» What to produce
Lines to restate from the data below: from the one containing "Women's Bell Sleeve" to the one containing "I panic silently", both included. Give them again exactly, and only them.

» Records supplied
╔══
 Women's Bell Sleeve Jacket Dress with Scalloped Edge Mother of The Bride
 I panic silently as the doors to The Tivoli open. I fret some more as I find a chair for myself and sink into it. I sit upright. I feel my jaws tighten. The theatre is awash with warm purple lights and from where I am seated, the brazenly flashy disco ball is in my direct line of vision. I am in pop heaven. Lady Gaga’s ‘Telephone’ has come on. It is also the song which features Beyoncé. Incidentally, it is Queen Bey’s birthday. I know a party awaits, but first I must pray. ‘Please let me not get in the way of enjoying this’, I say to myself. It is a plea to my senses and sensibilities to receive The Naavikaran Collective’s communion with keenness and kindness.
╚══
╔══
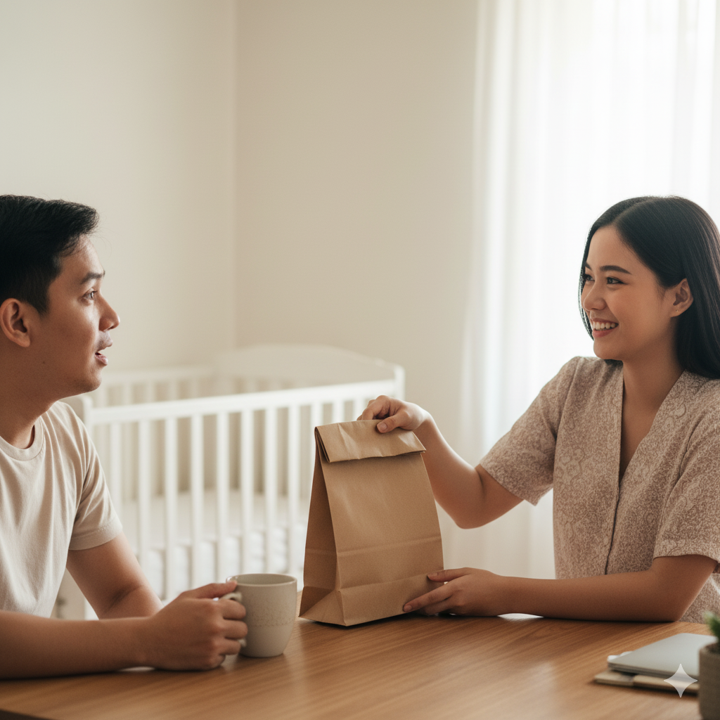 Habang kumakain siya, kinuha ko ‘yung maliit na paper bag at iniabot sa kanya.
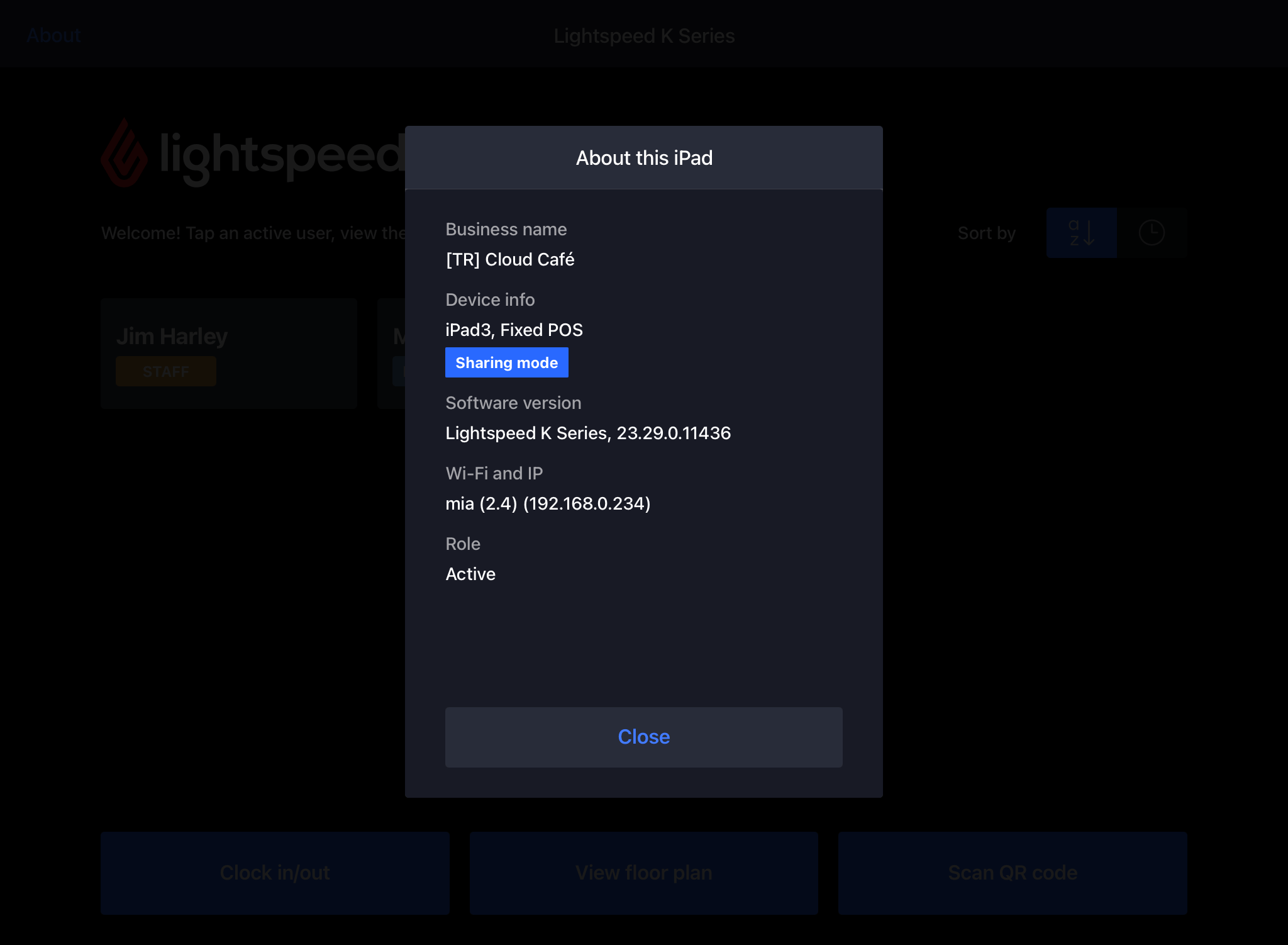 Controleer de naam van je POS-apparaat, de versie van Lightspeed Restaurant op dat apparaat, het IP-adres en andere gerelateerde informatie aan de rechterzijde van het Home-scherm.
╚══
╔══
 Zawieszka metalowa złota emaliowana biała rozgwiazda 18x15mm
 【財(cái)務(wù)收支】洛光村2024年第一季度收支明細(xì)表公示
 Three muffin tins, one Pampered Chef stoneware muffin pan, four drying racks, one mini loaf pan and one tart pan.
╚══
» Expected output
 Women's Bell Sleeve Jacket Dress with Scalloped Edge Mother of The Bride
 I panic silently as the doors to The Tivoli open. I fret some more as I find a chair for myself and sink into it. I sit upright. I feel my jaws tighten. The theatre is awash with warm purple lights and from where I am seated, the brazenly flashy disco ball is in my direct line of vision. I am in pop heaven. Lady Gaga’s ‘Telephone’ has come on. It is also the song which features Beyoncé. Incidentally, it is Queen Bey’s birthday. I know a party awaits, but first I must pray. ‘Please let me not get in the way of enjoying this’, I say to myself. It is a plea to my senses and sensibilities to receive The Naavikaran Collective’s communion with keenness and kindness.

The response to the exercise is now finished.